Na razie nie wie ani brat, ani teściowie, ani nawet moje dwie najbliższe przyjaciółki. Jak prenatalne wyjdą ok, może się wtedy odważę powiedzieć. A znając jyz siebie może znowu będę zwlekać z tygodnia na tydzień ze strachu :/
 
@marshia póki chodzisz do pracy to i tak jakoś leci- u mnie od kiedy poszłam na zwolnienie czas prawie w miejscu stoi..
Ja jestem w 6 miesiacu i wiedzą tylko Ci co sami zobaczyli albo się domyślili...
 
Dobra to już teraz jak mogę pytać bez ogródek, a nie prosić @Marthi, żeby kogoś o coś dla mnie podpytała :D to oficjalnie pytam:
1. Jak długo każda z Was brała Gluckophage i w jakiej dawce?
2. @Porzeczka1234 @iveo @magda1208 @Maciejka78 Wy miałyście 15 encortonu - od kiedy schodziłyście, jak i do którego momentu? Jak kogoś pominęłam kto brał 15 to tez proszę o info :)
 
Ale u mnie tez prawie nikt nie wie..... m się dowiedział po pęcherzyku zoltkowym dopiero, Wy wczoraj. Mama wie, bo przyjmuje chemioterapię i musiałam jej powiedzieć, bo podobno przebywanie w pierwszych 3-4 dniach po tej chemii zle wpływa na ciążę i może doprowadzić do obumarcia. I dziewczyna z pracy - Jesteśmy w biurze tylko dwie, a ja teraz non-stop na badania, do lekarza, na badania do lekarza, a ona zna moją historię.
Na razie nie wie ani brat, ani teściowie, ani nawet moje dwie najbliższe przyjaciółki. Jak prenatalne wyjdą ok, może się wtedy odważę powiedzieć. A znając jyz siebie może znowu będę zwlekać z tygodnia na tydzień ze strachu :/


Tak to już z nami jest ja na początku też nie chciałam nikomu nic powiedzieć
Mąż wiedział bo nie ukryłabym przed nim wozi mnie do lekarza a przy moim tragicznym początku nie dało by rady .
Rodzina dowiedziała się w późniejszym czasie chyba 3 miesiąc oprócz mamy,teściowej i szwagierki bo jestem z nią zżyta.
Koleżanki to chyba po prenatalnych.
 
Dobra to już teraz jak mogę pytać bez ogródek, a nie prosić @Marthi, żeby kogoś o coś dla mnie podpytała :D to oficjalnie pytam:
1. Jak długo każda z Was brała Gluckophage i w jakiej dawce?

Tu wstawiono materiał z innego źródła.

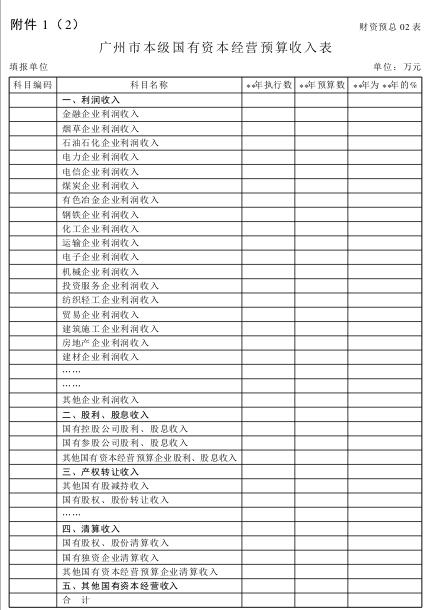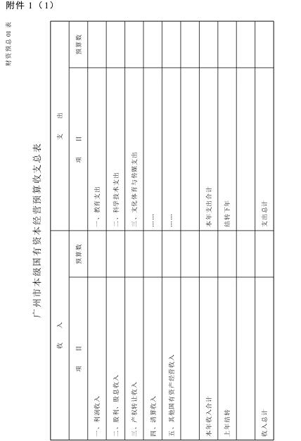 1预算收支表(财资预总01~05表,附件1.1-1.5),反映市本级国有资本经营预算收支汇总情况;
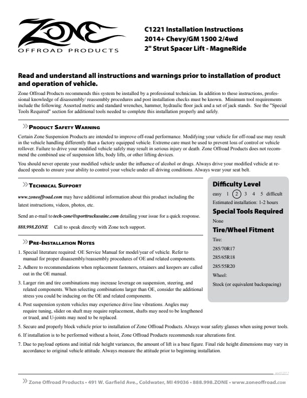Level out the stance with this quick and easy to install 2" leveling kit from Zone Offroad. Retains full functionality of MagneRide system. Get the look your truck deserves, while maintaining ride quality with clearance for up to 34" tires.
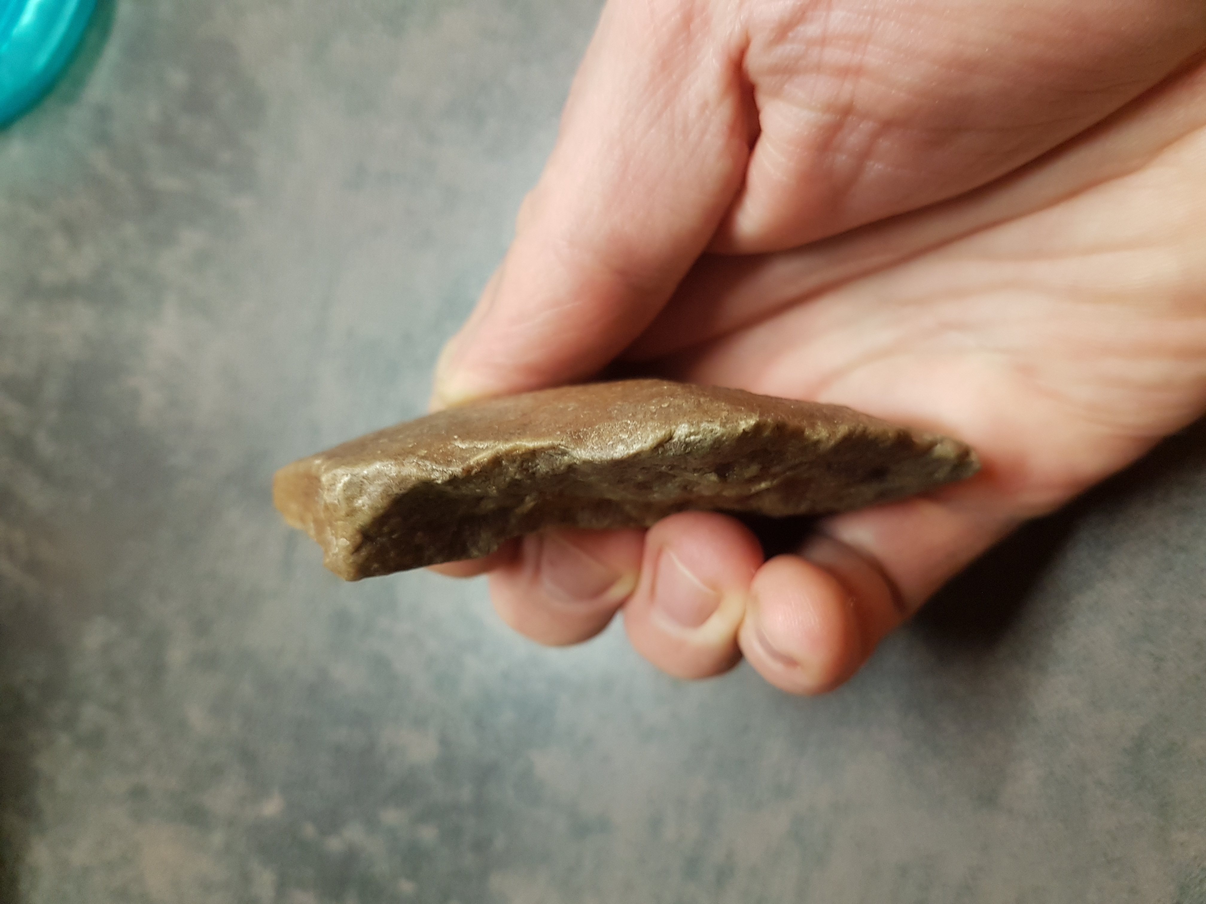 Hab diesen Stein gefunden . Er ist aus Quarzit und stark patiniert. Denke das es ein Artefakt ist bzw. ein Werkzeug . Größe ca. 9 cm × 6 cm und leicht gebogene Form . Tendiere Richtung Paläolithikum.
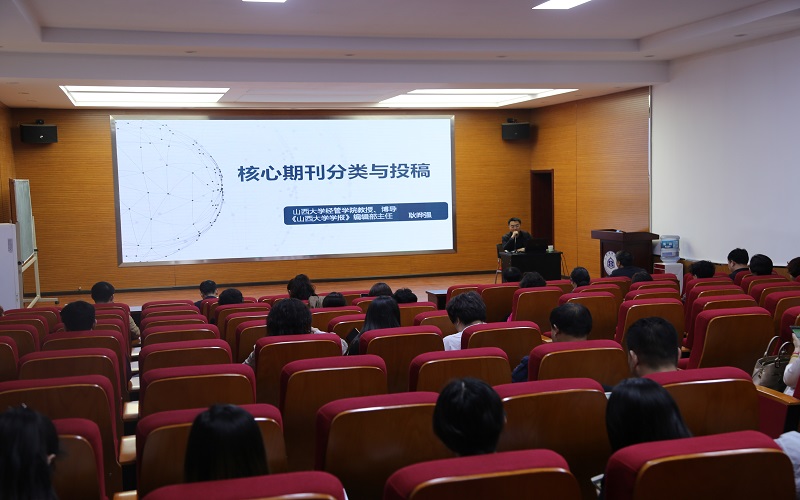 4月2日,应工商管理学院邀请,山西大学经管学院教授、博士生导师、《山西大学学报》编辑部主任耿晔强教授来到我校,在工商学院大讲堂为学院师生作题为“核心期刊分类与投稿”的讲座。讲座由工商管理学院副院长孟华兴主持,院领导吴国英、王胜洲及相关专业的师生聆听。
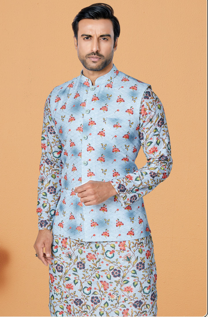 Step into floral elegance with this unique pastel blue ensemble that blends artistry with ethnic flair. The set includes a printed kurta, matching floral jacket, and classic white pyjama. The vibrant multicolor floral motifs on the jacket and kurta sleeves offer a harmonious fusion of tradition and contemporary styling.
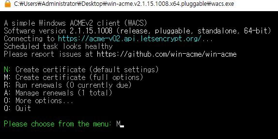 Cerbot을 주로 사용하는것 같은데 본인은 win-acme를 사용했다.
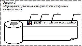 4.1. Каждая потребительская единица стерилизационной упаковки для упаковывания медицинских изделий, стерилизуемых паровым, воздушным методом содержит маркировку, условные обозначения, символы и знаки, представленные на рисунках 1, 2.

2. @Porzeczka1234 @iveo @magda1208 @Maciejka78 Wy miałyście 15 encortonu - od kiedy schodziłyście, jak i do którego momentu? Jak kogoś pominęłam kto brał 15 to tez proszę o info :)

Ja miałam zalecenie od Maliny do 12 tyg -15 później 0,5 tabletki do 17tyg. Za namową dziewczyn brałam do 20tyg. Schodziłam po połowie dawki co tydzień.